→ INSTRUCTIONS TO FOLLOW
With the images omitted, return all of the entries exactly as they stand.

→ RECORD EXCERPTS
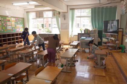 1年生が集団下校をしている間は,6年生が1年生の教室を掃除しています。
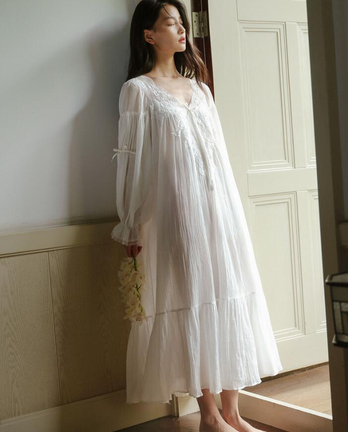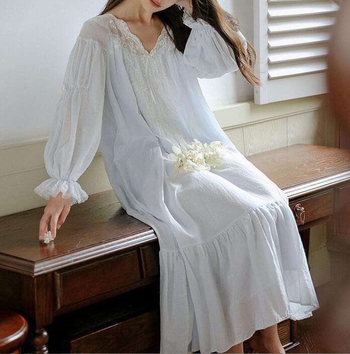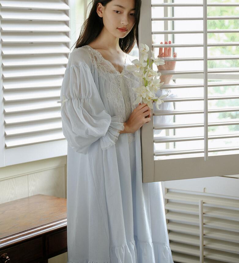 綿100%ネグリジェ レディースロング レディース ナイトウェア ルームウェア ネグリジェ 早い者勝ち S M L XL ホワイト ブルー
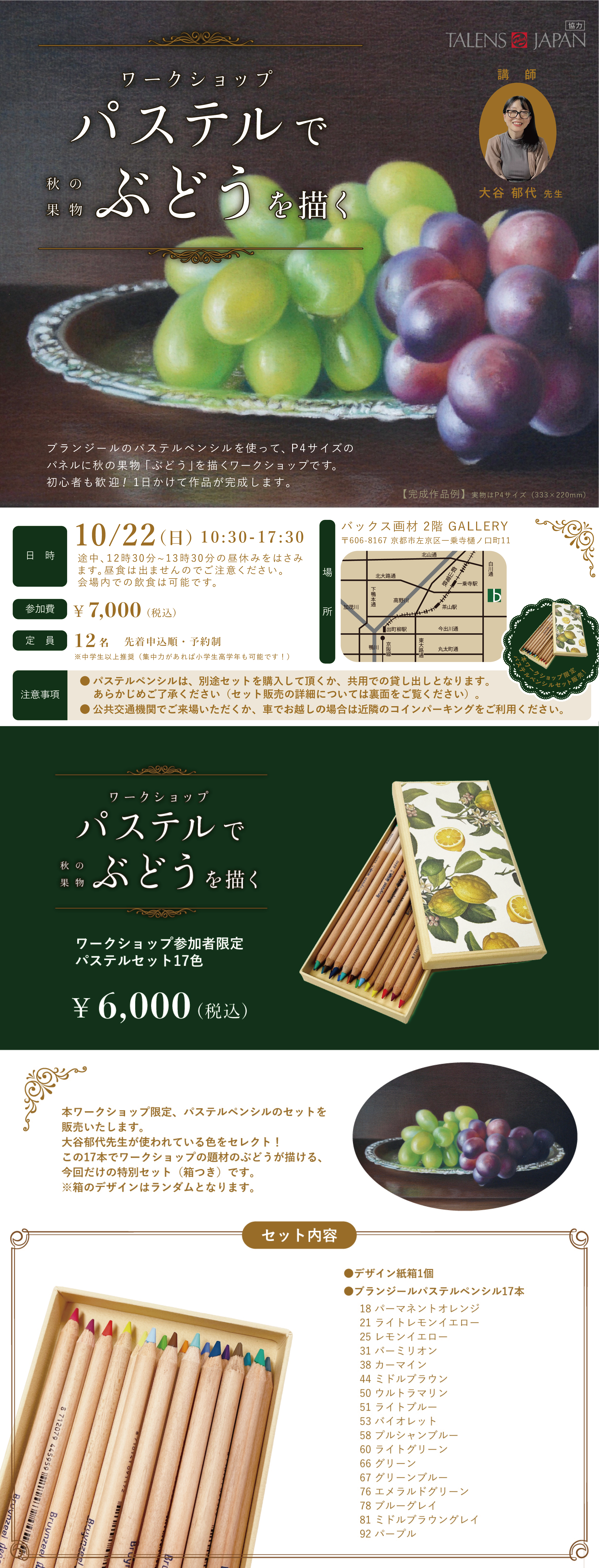 パステルペンシルは別途セットを購入していただくか、共用での貸し出しとなります。
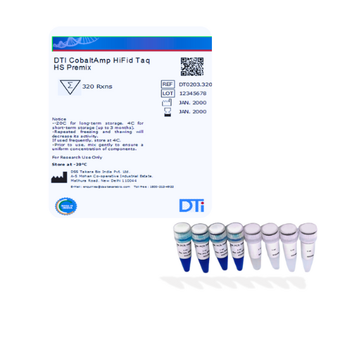 DTI CobaltAmp HiFid Taq HS Premix is a Fast PCR Master Mix and designed for streamlined PCR, and is, therefore, ideal for applications such as colony PCR. It contains a hot-start PCR enzyme, optimized buffer, dNTPs, along with a blue gel-loading dye and density reagent, in a convenient 2X premix format.
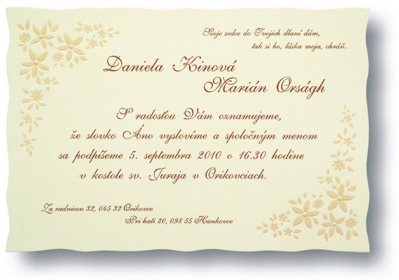 Všetky možnosti a parametre svadobného oznámenia je možné uviesť a doplniť aj pri emailovej komunikácii počas schvaľovania grafického návrhu.

→ WRITTEN RESPONSE
 1年生が集団下校をしている間は,6年生が1年生の教室を掃除しています。
 綿100%ネグリジェ レディースロング レディース ナイトウェア ルームウェア ネグリジェ 早い者勝ち S M L XL ホワイト ブルー
 パステルペンシルは別途セットを購入していただくか、共用での貸し出しとなります。
 DTI CobaltAmp HiFid Taq HS Premix is a Fast PCR Master Mix and designed for streamlined PCR, and is, therefore, ideal for applications such as colony PCR. It contains a hot-start PCR enzyme, optimized buffer, dNTPs, along with a blue gel-loading dye and density reagent, in a convenient 2X premix format.
 Všetky možnosti a parametre svadobného oznámenia je možné uviesť a doplniť aj pri emailovej komunikácii počas schvaľovania grafického návrhu.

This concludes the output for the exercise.